Extracted entries:
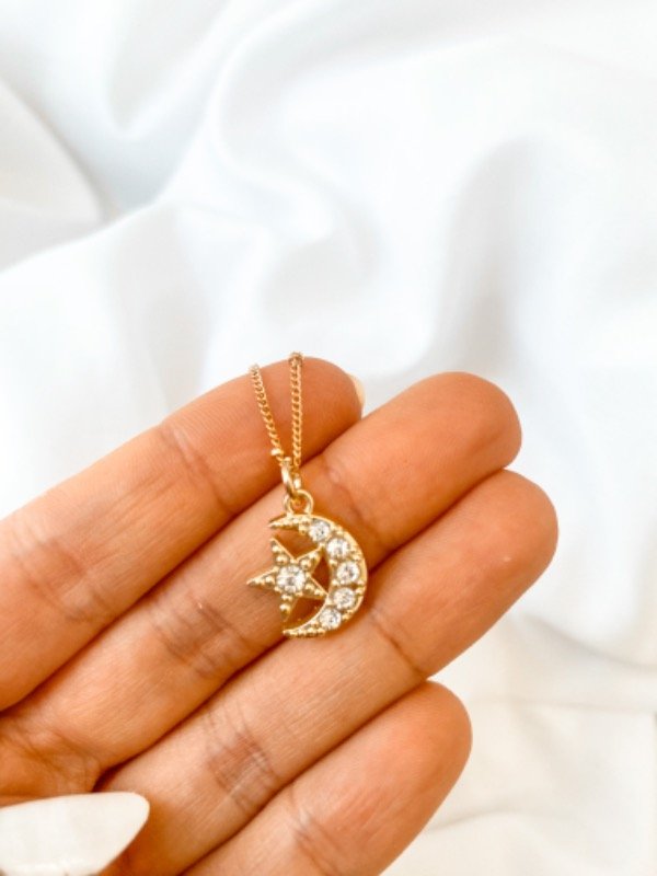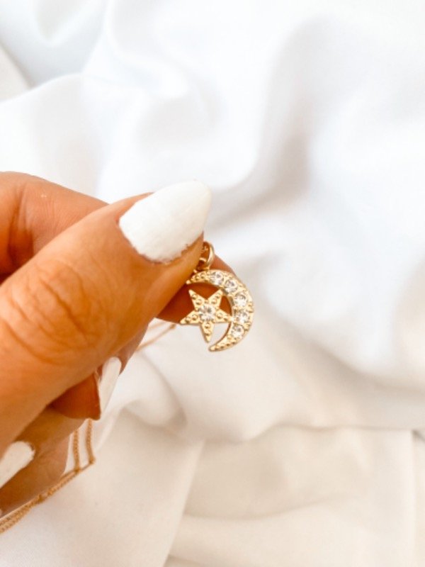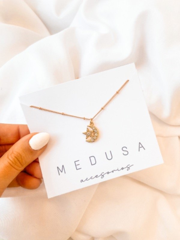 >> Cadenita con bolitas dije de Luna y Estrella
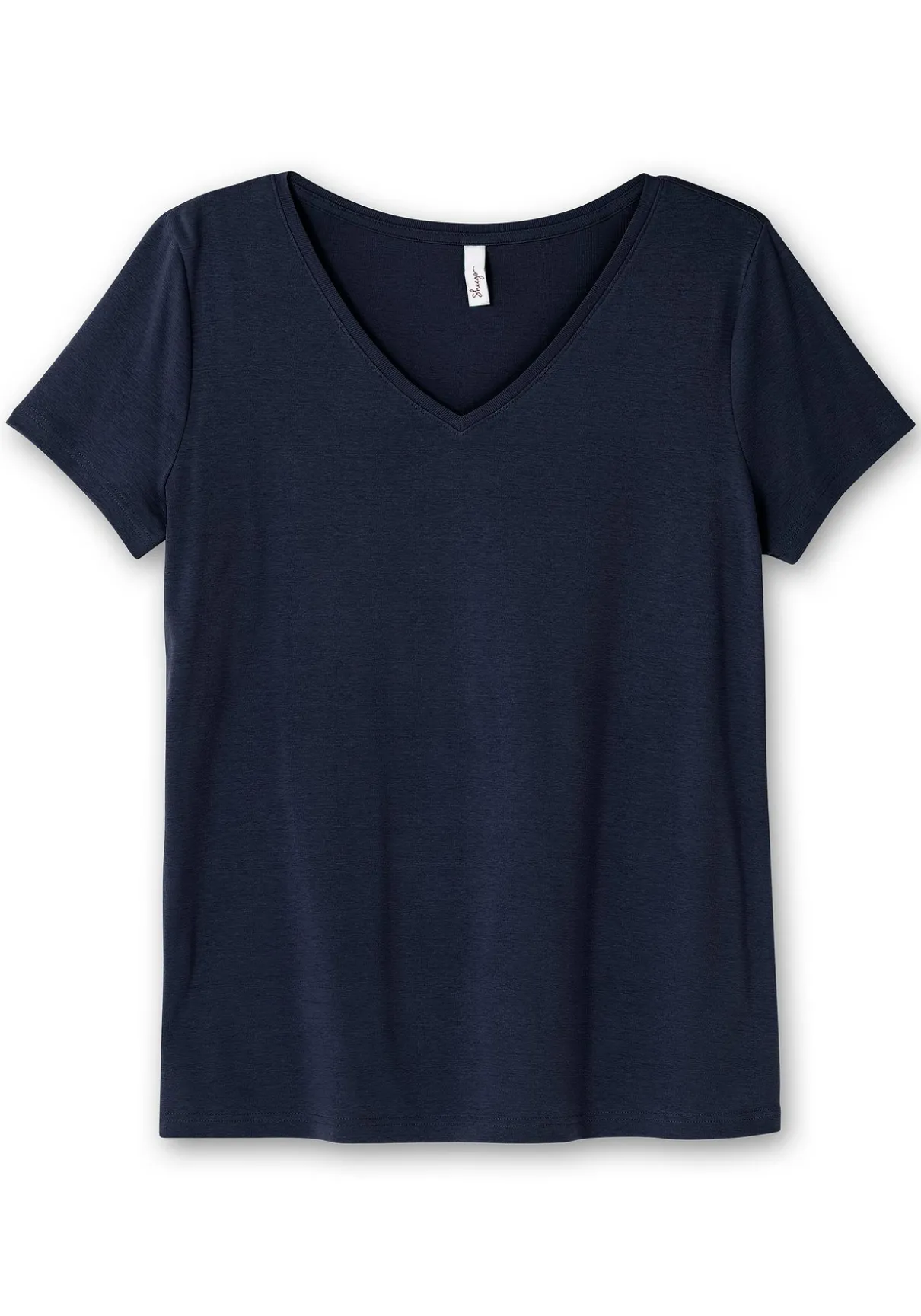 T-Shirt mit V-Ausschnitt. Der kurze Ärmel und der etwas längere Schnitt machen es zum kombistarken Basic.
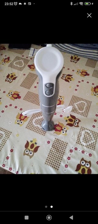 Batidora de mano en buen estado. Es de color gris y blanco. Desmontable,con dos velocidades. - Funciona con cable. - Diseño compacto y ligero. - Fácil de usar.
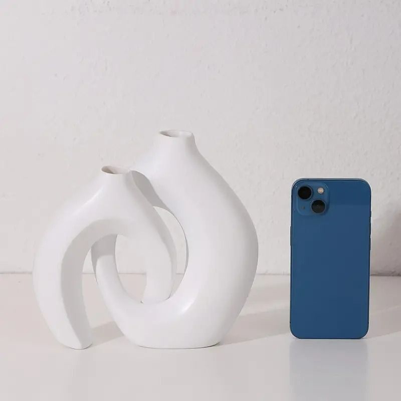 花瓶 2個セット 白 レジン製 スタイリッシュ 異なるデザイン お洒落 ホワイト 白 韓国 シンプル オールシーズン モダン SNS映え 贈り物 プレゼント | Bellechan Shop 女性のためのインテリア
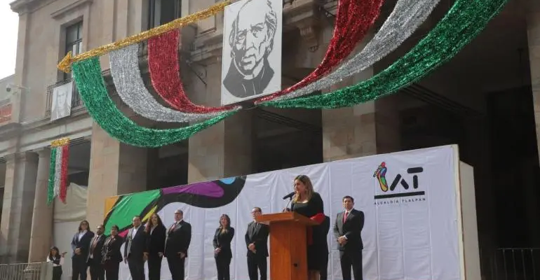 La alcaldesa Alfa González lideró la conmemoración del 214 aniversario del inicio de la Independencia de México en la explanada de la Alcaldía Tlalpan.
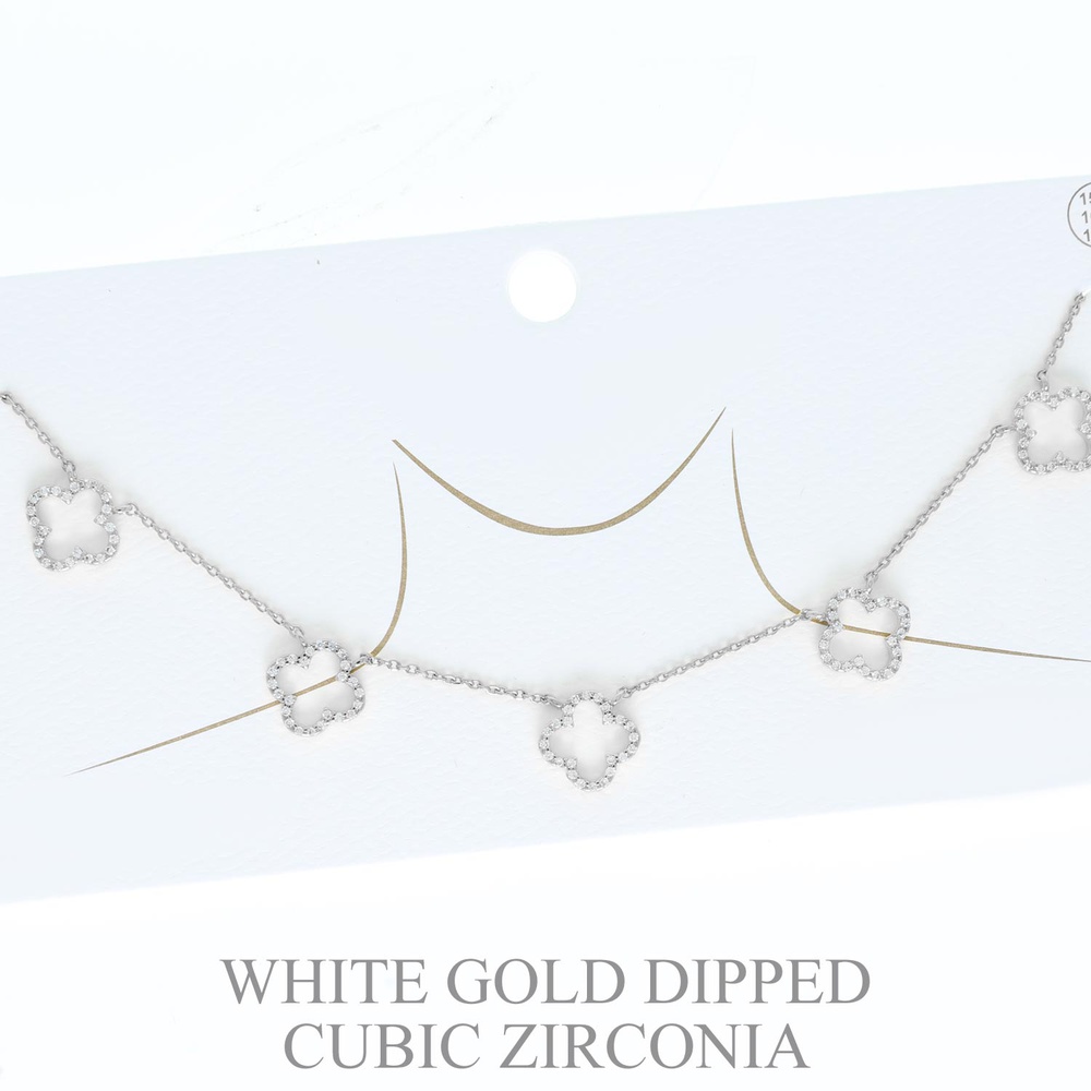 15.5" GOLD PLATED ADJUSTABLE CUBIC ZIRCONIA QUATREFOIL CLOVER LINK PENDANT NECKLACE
--
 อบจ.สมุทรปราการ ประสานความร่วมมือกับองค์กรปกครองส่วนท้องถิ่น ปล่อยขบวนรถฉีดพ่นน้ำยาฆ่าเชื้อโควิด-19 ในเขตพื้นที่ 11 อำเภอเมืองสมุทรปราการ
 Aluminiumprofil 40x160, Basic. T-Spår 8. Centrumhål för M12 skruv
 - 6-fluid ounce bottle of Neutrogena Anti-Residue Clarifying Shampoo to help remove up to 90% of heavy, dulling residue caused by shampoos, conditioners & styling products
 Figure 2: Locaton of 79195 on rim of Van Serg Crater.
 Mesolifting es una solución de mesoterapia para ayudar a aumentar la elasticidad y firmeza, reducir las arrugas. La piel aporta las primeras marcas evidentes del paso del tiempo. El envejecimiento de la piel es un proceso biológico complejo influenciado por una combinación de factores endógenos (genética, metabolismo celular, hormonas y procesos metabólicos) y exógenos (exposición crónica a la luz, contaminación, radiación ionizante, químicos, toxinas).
--
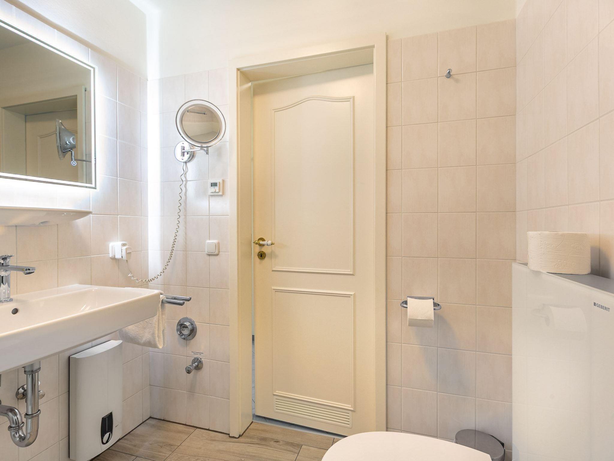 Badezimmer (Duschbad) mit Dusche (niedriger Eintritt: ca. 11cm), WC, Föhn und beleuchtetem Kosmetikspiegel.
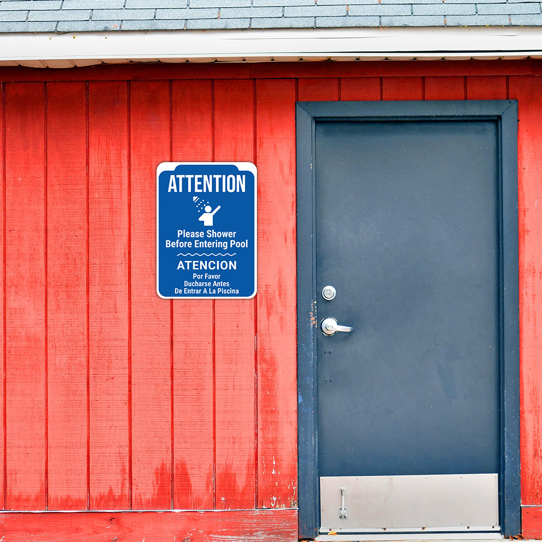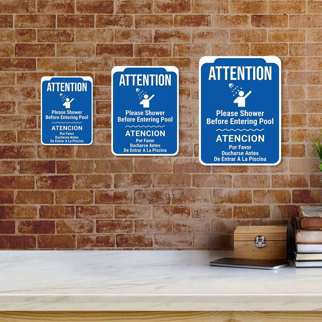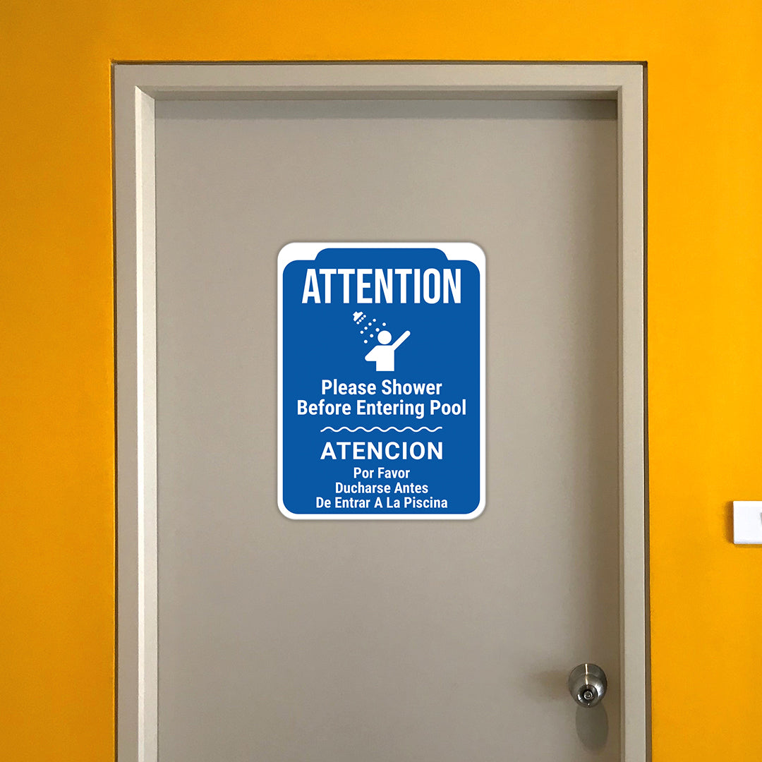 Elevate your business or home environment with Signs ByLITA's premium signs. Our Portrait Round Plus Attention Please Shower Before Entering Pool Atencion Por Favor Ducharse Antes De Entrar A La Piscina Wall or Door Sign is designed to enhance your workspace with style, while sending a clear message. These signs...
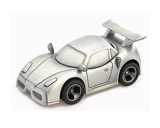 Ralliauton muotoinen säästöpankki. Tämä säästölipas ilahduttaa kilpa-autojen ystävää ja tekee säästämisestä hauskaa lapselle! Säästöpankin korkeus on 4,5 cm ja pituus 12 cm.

Task objective:
Return, exactly as they stand, the lines above from the one with "Batidora de mano" to the one with "LINK PENDANT NECKLACE", omitting any pictures among them.

Solution:
 Batidora de mano en buen estado. Es de color gris y blanco. Desmontable,con dos velocidades. - Funciona con cable. - Diseño compacto y ligero. - Fácil de usar.
 花瓶 2個セット 白 レジン製 スタイリッシュ 異なるデザイン お洒落 ホワイト 白 韓国 シンプル オールシーズン モダン SNS映え 贈り物 プレゼント | Bellechan Shop 女性のためのインテリア
 La alcaldesa Alfa González lideró la conmemoración del 214 aniversario del inicio de la Independencia de México en la explanada de la Alcaldía Tlalpan.
 15.5" GOLD PLATED ADJUSTABLE CUBIC ZIRCONIA QUATREFOIL CLOVER LINK PENDANT NECKLACE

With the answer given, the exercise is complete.